Ovidian attributes its success to the quality of its service/products, investment in human capital, and sticking to what the company does best. The company keeps a close tab on margins. This avoids eroding the company’s margins. “There’s little point in pursuing low margin, low cash business.” By the same token Ovidian believes in paying its customers on time.

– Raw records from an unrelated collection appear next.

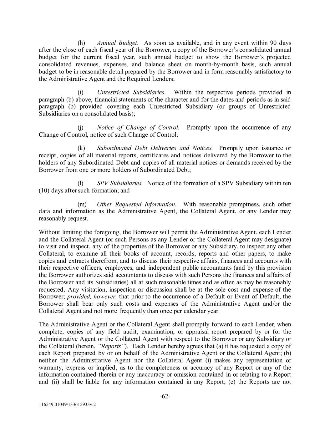 -62- 116549.01049/133615933v.2 (h) Annual Budget. As soon as available, and in any event within 90 days after the close of each fiscal year of the Borrower, a copy of the Borrower’s consolidated annual budget for the current fiscal year, such annual budget to show the Borrower’s projected consolidated revenues, expenses, and balance sheet on month-by-month basis, such annual budget to be in reasonable detail prepared by the Borrower and in form reasonably satisfactory to the Administrative Agent and the Required Lenders; (i) Unrestricted Subsidiaries. Within the respective periods provided in paragraph (b) above, financial statements of the character and for the dates and periods as in said paragraph (b) provided covering each Unrestricted Subsidiary (or groups of Unrestricted Subsidiaries on a consolidated basis); (j) Notice of Change of Control. Promptly upon the occurrence of any Change of Control, notice of such Change of Control; (k) Subordinated Debt Deliveries and Notices. Promptly upon issuance or receipt, copies of all material reports, certificates and notices delivered by the Borrower to the holders of any Subordinated Debt and copies of all material notices or demands received by the Borrower from one or more holders of Subordinated Debt; (l) SPV Subsidiaries. Notice of the formation of a SPV Subsidiary within ten (10) days after such formation; and (m) Other Requested Information. With reasonable promptness, such other data and information as the Administrative Agent, the Collateral Agent, or any Lender may reasonably request. Without limiting the foregoing, the Borrower will permit the Administrative Agent, each Lender and the Collateral Agent (or such Persons as any Lender or the Collateral Agent may designate) to visit and inspect, any of the properties of the Borrower or any Subsidiary, to inspect any other Collateral, to examine all their books of account, records, reports and other papers, to make copies and extracts therefrom, and to discuss their respective affairs, finances and accounts with their respective officers, employees, and independent public accountants (and by this provision the Borrower authorizes said accountants to discuss with such Persons the finances and affairs of the Borrower and its Subsidiaries) all at such reasonable times and as often as may be reasonably requested. Any visitation, inspection or discussion shall be at the sole cost and expense of the Borrower; provided, however, that prior to the occurrence of a Default or Event of Default, the Borrower shall bear only such costs and expenses of the Administrative Agent and/or the Collateral Agent and not more frequently than once per calendar year. The Administrative Agent or the Collateral Agent shall promptly forward to each Lender, when complete, copies of any field audit, examination, or appraisal report prepared by or for the Administrative Agent or the Collateral Agent with respect to the Borrower or any Subsidiary or the Collateral (herein, “Reports”). Each Lender hereby agrees that (a) it has requested a copy of each Report prepared by or on behalf of the Administrative Agent or the Collateral Agent; (b) neither the Administrative Agent nor the Collateral Agent (i) makes any representation or warranty, express or implied, as to the completeness or accuracy of any Report or any of the information contained therein or any inaccuracy or omission contained in or relating to a Report and (ii) shall be liable for any information contained in any Report; (c) the Reports are not
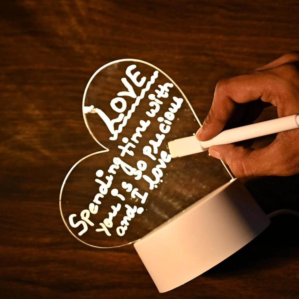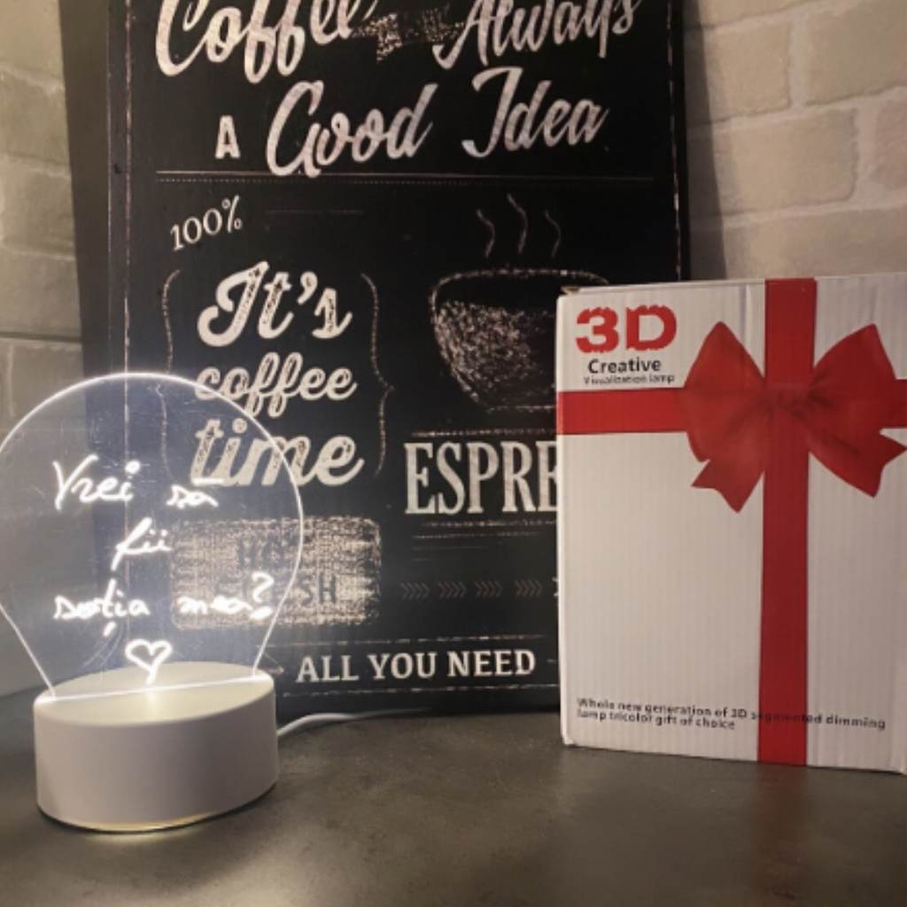 Pe aceasta lampa puteti scrie, folosind markerul din pachet si se sterge cu usurinta folosind materialul din microfibra cu care se recomanda sa stergeti sticla din Plexiglass (inclus in pachet).
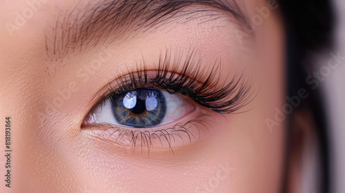 Obraz premium Eyelash extension procedure. Beautiful female asian eyes with long lashes...
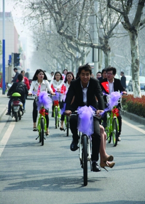 靓眼的公共自行车婚礼
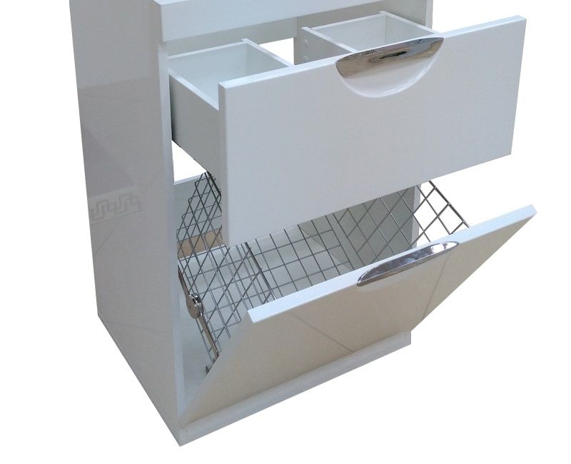 Напольная тумба под раковину Misty Куба под стиральную машину 60см с бельевой корзиной белый
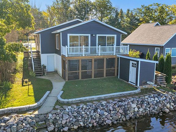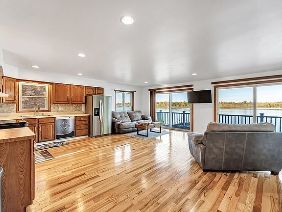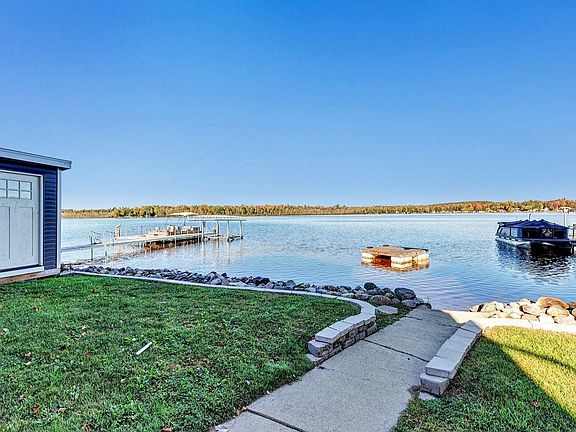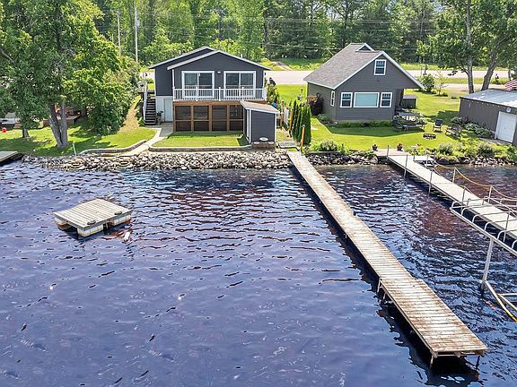 Renovated Walk-Out Ranch on Full-Rec Anderson Lake! Experience spectacular lake views from this retreat or year-round residence with level frontage and private dock, sandy-bottom frontage and re-enforced shoreline. Enjoy excellent fishing, endless water recreation and direct access to a vast ATV and snowmobile trail system—right out your door! Take in the scenery from an expansive deck or unwind in the screened-in porch complete with built-in shades. This open concept home boasts stunning water views and light-filled living spaces. There are 2 main level bedrooms and a lower offering a spacious family room with dual patio doors to the screened porch and a bedroom suite featuring oversized closet bath and rainfall showerhead in the bath. Dock, appliances, washer and dryer are all included.
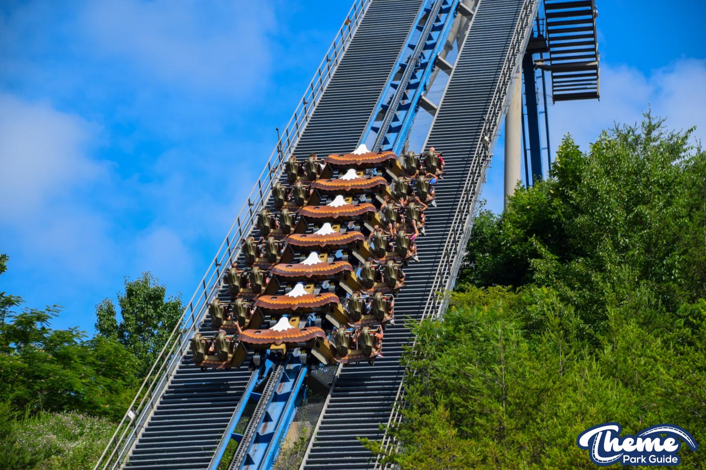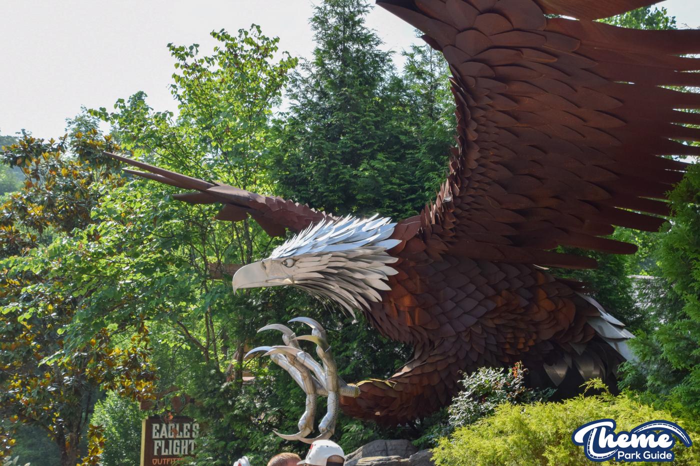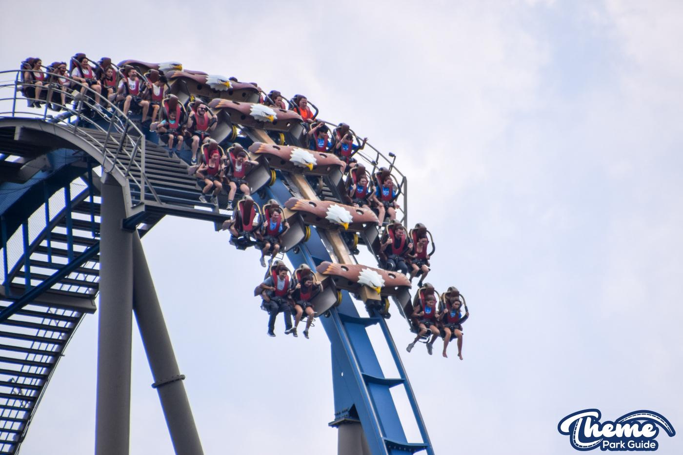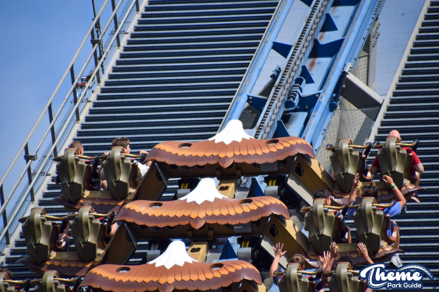 Wild Eagle is America’s first wing coaster, sending riders gliding high above Dollywood with seats positioned beside the track rather than above it. This unique design creates a soaring, eagle-like sensation as guests experience massive loops, smooth inversions, and sweeping curves. The ride’s elevated location on the mountain ridge enhances the illusion of flight, providing stunning views combined with graceful thrills.

Ovidian celebrated its twelfth birthday this month. A lot has changed in twelve years:-

  • The company’s client base has grown to 600 and includes household names.  This growth is attributable to a commitment to excellence and honesty, and emphasis on customer satisfaction rate. Despite the temptations posed by a rapidly growing market, Ovidian would rather turn away a customer than take on more business than it can handle.  In view of rising business volumes, the company’s workshop operates 24-7.  Ovidian is currently implementing a state of the art MIS (management information system) that will enable it to track and schedule production efficiently, in line with customer deadlines. In addition, every member of the sales team is equipped with a Blackberry to enable them to respond promptly and efficiently. The same goes for all managerial staff.
  • Introduction of new product lines – Ovidian’s state of the art workshop now boasts of numerous printing and cutting machines with the ability to handle all kinds of materials (plastic, cardboard, across the technology spectrum – from laser, to digital, to screen. Ovidian also has the capability to manufacture point of sale items (e.g. display racks) in wood, plastic, glass and metal.
  • The staff complement has grown from 2 to 120. Ovidian has the reputation of being the best in the industry, and also invests heavily in staff. Performance based compensation is the norm across the board The staff now has a robust organization structure, including a middle management team, referred to as Team Leaders.
  • In January 2007, the shareholder base expanded to include Aureos, a leading private equity fund. The
    benefits of having Aureos as a shareholder include:-

    - Additional Business expertise at Board level
    -  Enhanced corporate governance, and therefore, accountability at Board level. Aureos insists on the role of shareholder and manager being separated. Reinvestment for company growth takes precedence over shareholder compensation.
    - Capacity building for managers in conjunction with the Commonwealth Secretariat (Aureos is related to CDC)
  • The EPZ has since closed down as the costs of that business model exceeded its benefits
  • Devin took over as CEO after Erez has relocated to Israel last year.


Challenges

Not surprisingly, Ovidian is facing downward pressure on its margins due to the rising cost of fuel and electricity, both of which impact the cost of other products and services. Additionally, Ovidian’s competitors view the company as an optimal hunting ground for good staff. Infrastructure is another big challenge – from the condition of the roads that Ovidian’s trucks have to navigate on their way to deliver products to clients in the region, to wastage of productive time sitting in traffic on Mombasa road. Getting staff acclimatized to working in a high pressure environment is another challenge.

Future plans

Ovidian already exports to thirteen countries, and the business case for setting up offices in various markets is now strong. Ovidian is acquiring a competitor in Zambia and is planning more acquisitions in other African markets by the end of the year.

The company plans to list on a stock exchange in the medium term. It expects to have an African footprint in five years time.